- [Problem]:
Only the lines below between the ones containing "To quote their" and "在比拼力量上,年轻的丁浩更胜", inclusive, are to be reproduced, each exactly as it stands.

- [Supplied records]:
..............................

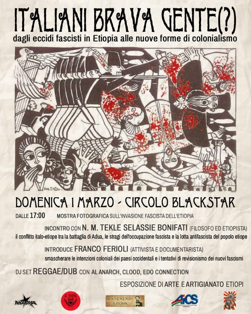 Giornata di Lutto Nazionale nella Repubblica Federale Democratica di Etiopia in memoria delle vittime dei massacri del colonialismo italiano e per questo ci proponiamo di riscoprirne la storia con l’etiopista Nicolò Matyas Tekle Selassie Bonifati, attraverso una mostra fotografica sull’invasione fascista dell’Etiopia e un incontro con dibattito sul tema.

..............................

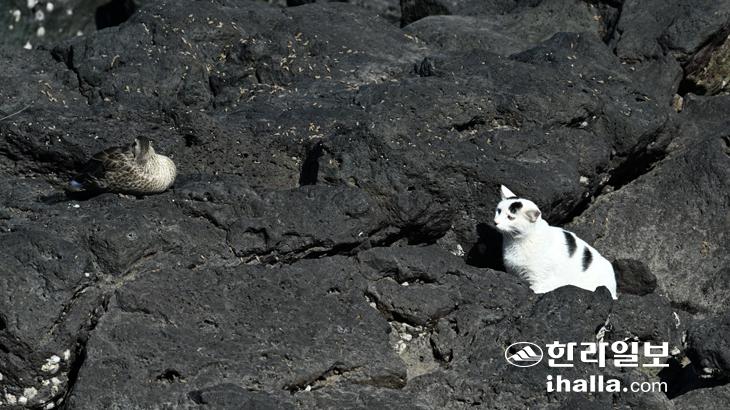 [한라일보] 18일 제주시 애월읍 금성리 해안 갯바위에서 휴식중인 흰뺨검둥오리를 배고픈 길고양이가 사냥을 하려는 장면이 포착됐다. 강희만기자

..............................

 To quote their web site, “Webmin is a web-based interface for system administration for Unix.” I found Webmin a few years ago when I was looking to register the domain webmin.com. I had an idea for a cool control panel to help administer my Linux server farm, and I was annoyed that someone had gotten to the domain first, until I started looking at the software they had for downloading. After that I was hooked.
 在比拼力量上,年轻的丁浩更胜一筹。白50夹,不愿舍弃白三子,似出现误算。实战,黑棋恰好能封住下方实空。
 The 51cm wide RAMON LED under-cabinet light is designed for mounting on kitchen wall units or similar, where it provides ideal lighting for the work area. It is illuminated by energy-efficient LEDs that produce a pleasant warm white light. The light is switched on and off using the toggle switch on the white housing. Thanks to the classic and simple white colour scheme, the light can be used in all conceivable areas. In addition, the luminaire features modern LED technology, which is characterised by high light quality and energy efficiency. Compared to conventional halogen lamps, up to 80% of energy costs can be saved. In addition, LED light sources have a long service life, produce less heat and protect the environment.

..............................

- [Exercise answer]:
 To quote their web site, “Webmin is a web-based interface for system administration for Unix.” I found Webmin a few years ago when I was looking to register the domain webmin.com. I had an idea for a cool control panel to help administer my Linux server farm, and I was annoyed that someone had gotten to the domain first, until I started looking at the software they had for downloading. After that I was hooked.
 在比拼力量上,年轻的丁浩更胜一筹。白50夹,不愿舍弃白三子,似出现误算。实战,黑棋恰好能封住下方实空。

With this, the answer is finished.